ABOUT THIS EXERCISE
Write out each line below precisely, passing over the pictures.

COLLECTED MATERIAL
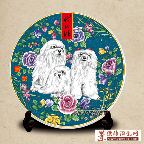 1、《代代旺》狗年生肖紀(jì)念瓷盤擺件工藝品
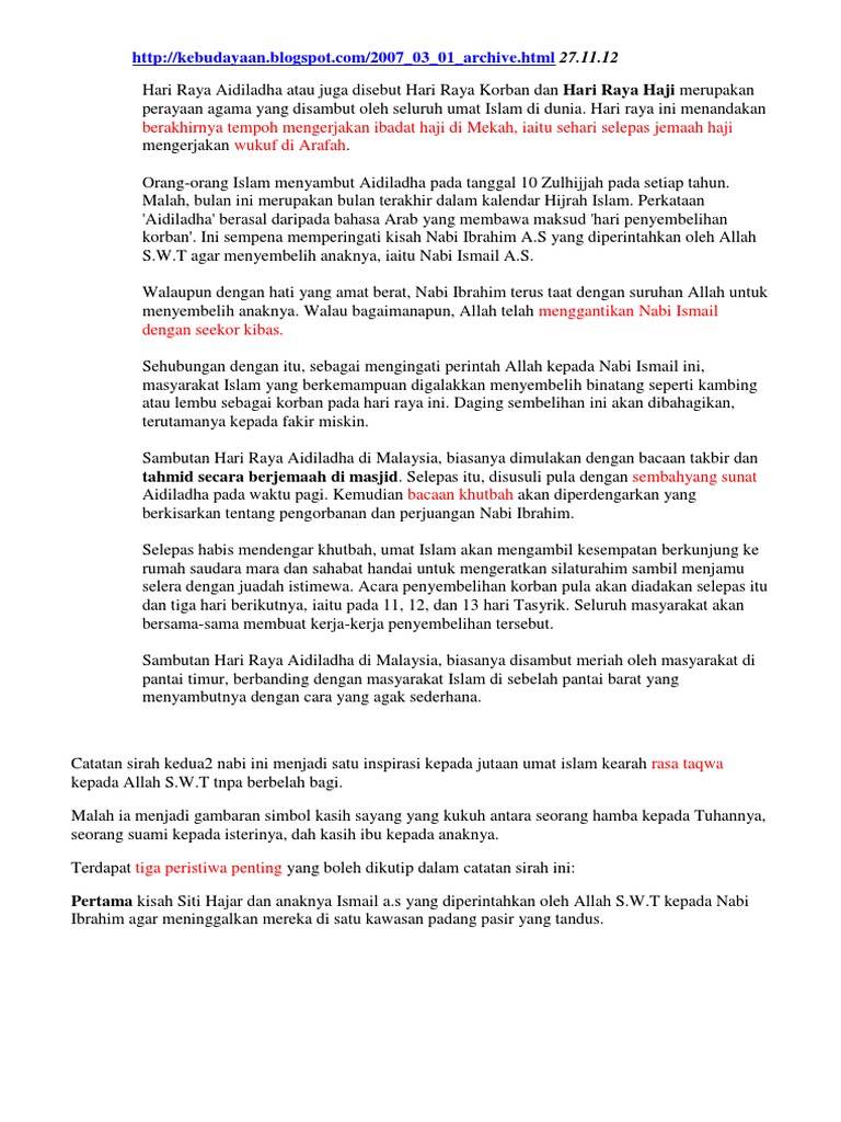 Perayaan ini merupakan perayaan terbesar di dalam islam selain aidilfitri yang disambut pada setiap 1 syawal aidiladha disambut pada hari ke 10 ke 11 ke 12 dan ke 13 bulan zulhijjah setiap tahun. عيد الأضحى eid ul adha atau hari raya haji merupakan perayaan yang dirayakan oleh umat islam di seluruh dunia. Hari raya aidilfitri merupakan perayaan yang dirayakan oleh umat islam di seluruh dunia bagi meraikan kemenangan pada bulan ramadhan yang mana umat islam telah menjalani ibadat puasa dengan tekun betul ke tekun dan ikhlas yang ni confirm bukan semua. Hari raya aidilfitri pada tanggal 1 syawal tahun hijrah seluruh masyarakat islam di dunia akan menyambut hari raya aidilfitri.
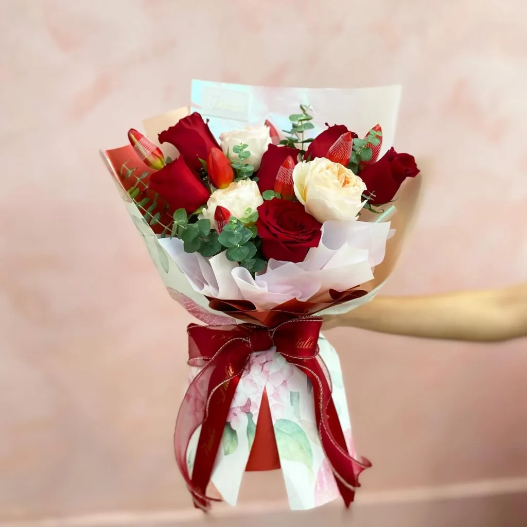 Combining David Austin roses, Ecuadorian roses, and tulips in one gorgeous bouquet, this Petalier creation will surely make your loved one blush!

TASK RESULT
 1、《代代旺》狗年生肖紀(jì)念瓷盤擺件工藝品
 Perayaan ini merupakan perayaan terbesar di dalam islam selain aidilfitri yang disambut pada setiap 1 syawal aidiladha disambut pada hari ke 10 ke 11 ke 12 dan ke 13 bulan zulhijjah setiap tahun. عيد الأضحى eid ul adha atau hari raya haji merupakan perayaan yang dirayakan oleh umat islam di seluruh dunia. Hari raya aidilfitri merupakan perayaan yang dirayakan oleh umat islam di seluruh dunia bagi meraikan kemenangan pada bulan ramadhan yang mana umat islam telah menjalani ibadat puasa dengan tekun betul ke tekun dan ikhlas yang ni confirm bukan semua. Hari raya aidilfitri pada tanggal 1 syawal tahun hijrah seluruh masyarakat islam di dunia akan menyambut hari raya aidilfitri.
 Combining David Austin roses, Ecuadorian roses, and tulips in one gorgeous bouquet, this Petalier creation will surely make your loved one blush!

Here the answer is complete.